One competitor has a similar timeline for boarding.

"Key to implementing a smooth e-close process is ensuring the lender's workflow is well thought out ... which we hold our clients' hands in doing," said Brian Pannell, senior implementation executive at DocMagic. "That includes ensuring all docs are e-enabled and leverages a single-source platform with both hybrid and RON capability. We can implement a completely digital, and fully paperless total e-close in 17 days and e-enabled dynamic docs is critical to that."

Pannell added that within a 24-to-48 hour period, the firm can set clients up for hybrid e-closes that include e-signing and ancillary docs.

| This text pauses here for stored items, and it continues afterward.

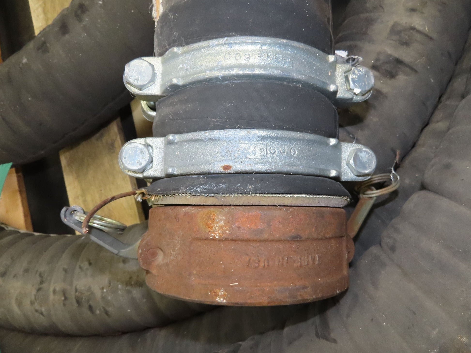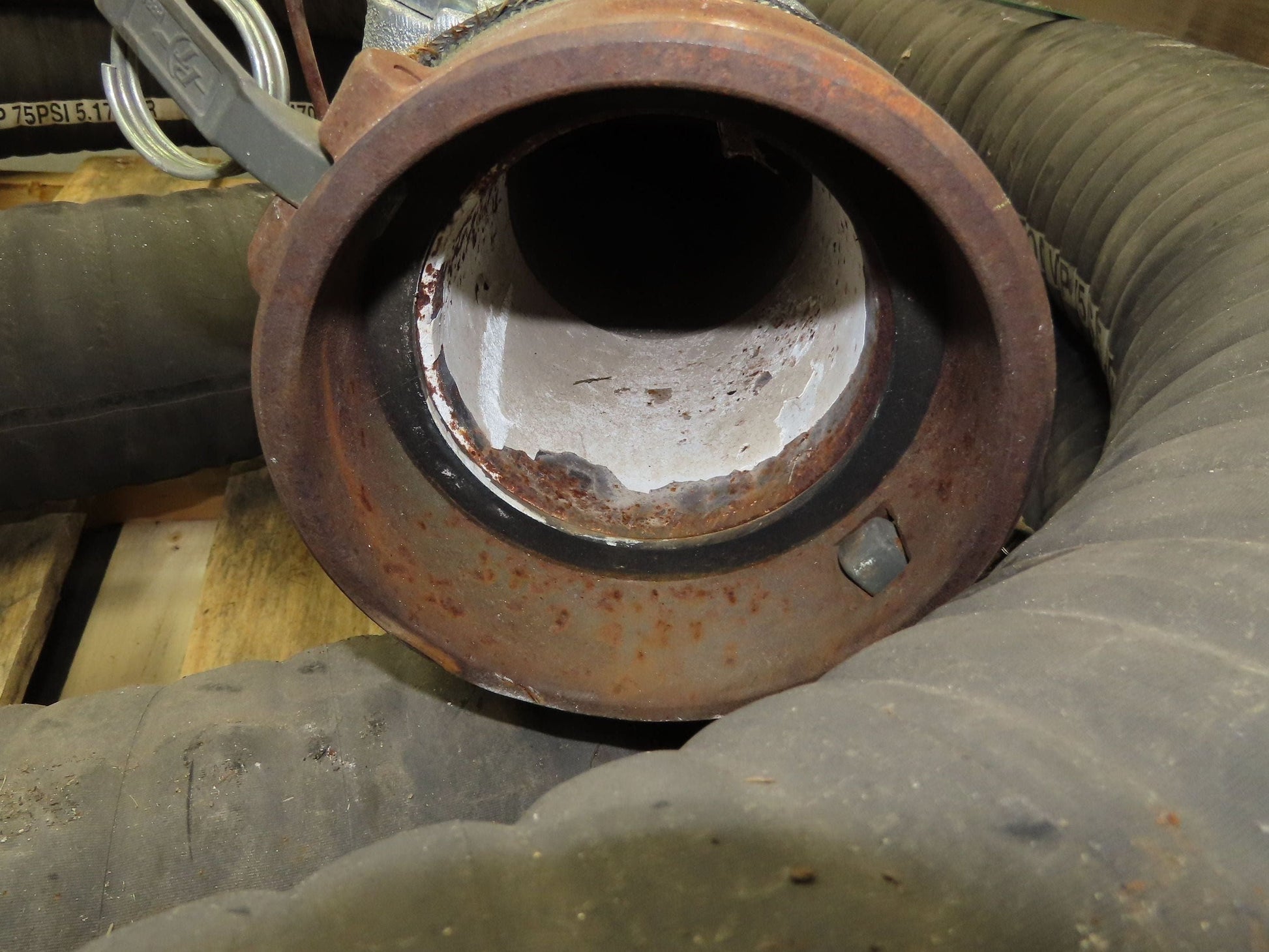 - Used condition. Hose was stored outside and has some rust on fittings.
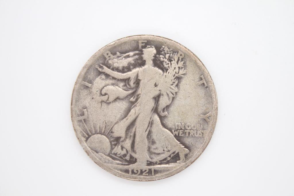 A Key date coin 1921 WALKING LIBERTY HALF DOLLAR. A strong full rim on this tough walker.
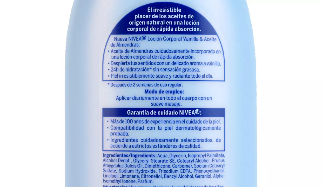- Aceite de almendras cuidadosamente incorporado en una loción corporal de rápida absorción.

Over at Docutech, existing clients that create documents through the ConformX engine can have Solex e-closing turned on in as little as two days for testing and in two weeks to start generating e-notes.

Digital takes hold

Even before the coronavirus, the growth in e-mortgage registrations on MERS had been exponential in the past 12 months.

In April 2019, just 8,338 e-notes were on the MERS e-registry. In March 2020, that number hit an all-time high of 24,519, noted Chris McEntee, who is president of ICE Mortgage Services, the parent company of both MERS and e-recording network Simplifile.

"We had significant growth from February, when we started to see a ramp. This ramp was part of a context where the industry was starting to get more and more digital," McEntee explained. "And now there has been this surge, which we've been able to support and deliver against."

Meanwhile, Simplifile recorded its one hundred millionth document on April 1, he said. It added more than 2,400 submitters to its network during March. On the other side of the transaction, the network covers 2,073 participating county recording offices, representing more than 80% of the U.S. population.

To McEntee, there's no turning back for the industry.

"I can't envision a point where we would revert back to what the old standards were because the industry is slower or because wet signatures are more legally defensible," he said. "I think we have to get to the era of where we understand every other industry's gone fully digital and the mortgage industry is struggling to go that direction."

After doing all this work to get to doing digital mortgage transactions, few, if any, originators will return to the old processes.

"Any lender, servicer, other mortgage firm out there that thinks when this over they'll go back to the old way of doing business, they're not going to be in business," Falcon said. "This is a long-term, permanent transformation of the mortgage industry and so mortgage companies need to think that way about it, at a minimum, to survive the post-coronavirus era."